▶ **GIVEN DATA**
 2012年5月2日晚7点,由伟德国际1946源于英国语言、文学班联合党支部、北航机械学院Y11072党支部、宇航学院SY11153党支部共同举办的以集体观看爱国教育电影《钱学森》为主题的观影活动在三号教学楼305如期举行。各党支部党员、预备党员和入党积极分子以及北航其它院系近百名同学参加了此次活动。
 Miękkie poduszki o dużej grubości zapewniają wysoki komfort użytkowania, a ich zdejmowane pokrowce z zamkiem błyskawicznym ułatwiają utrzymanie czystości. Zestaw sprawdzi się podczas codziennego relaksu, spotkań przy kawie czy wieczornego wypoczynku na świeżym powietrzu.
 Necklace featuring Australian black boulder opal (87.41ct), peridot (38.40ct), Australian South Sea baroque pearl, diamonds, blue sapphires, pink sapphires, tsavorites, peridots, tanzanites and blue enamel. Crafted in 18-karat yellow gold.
...
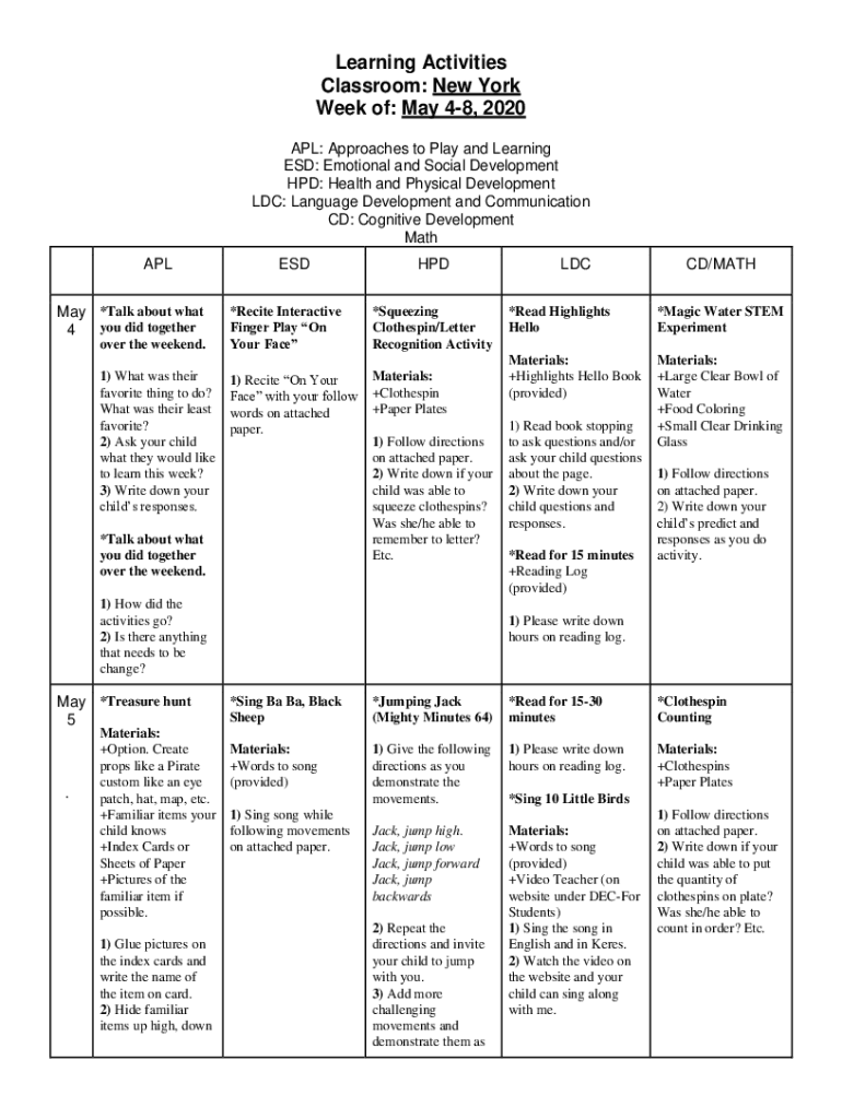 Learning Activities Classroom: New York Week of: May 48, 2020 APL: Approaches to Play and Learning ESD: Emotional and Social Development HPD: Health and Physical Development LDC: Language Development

▶ **YOUR ASSIGNMENT**
Copy, exactly and only, the lines above that begin with the one containing "2012年5月2日晚7点,由" and finish with the one containing "Necklace featuring Australian".

▶ **RESULT**
 2012年5月2日晚7点,由伟德国际1946源于英国语言、文学班联合党支部、北航机械学院Y11072党支部、宇航学院SY11153党支部共同举办的以集体观看爱国教育电影《钱学森》为主题的观影活动在三号教学楼305如期举行。各党支部党员、预备党员和入党积极分子以及北航其它院系近百名同学参加了此次活动。
 Miękkie poduszki o dużej grubości zapewniają wysoki komfort użytkowania, a ich zdejmowane pokrowce z zamkiem błyskawicznym ułatwiają utrzymanie czystości. Zestaw sprawdzi się podczas codziennego relaksu, spotkań przy kawie czy wieczornego wypoczynku na świeżym powietrzu.
 Necklace featuring Australian black boulder opal (87.41ct), peridot (38.40ct), Australian South Sea baroque pearl, diamonds, blue sapphires, pink sapphires, tsavorites, peridots, tanzanites and blue enamel. Crafted in 18-karat yellow gold.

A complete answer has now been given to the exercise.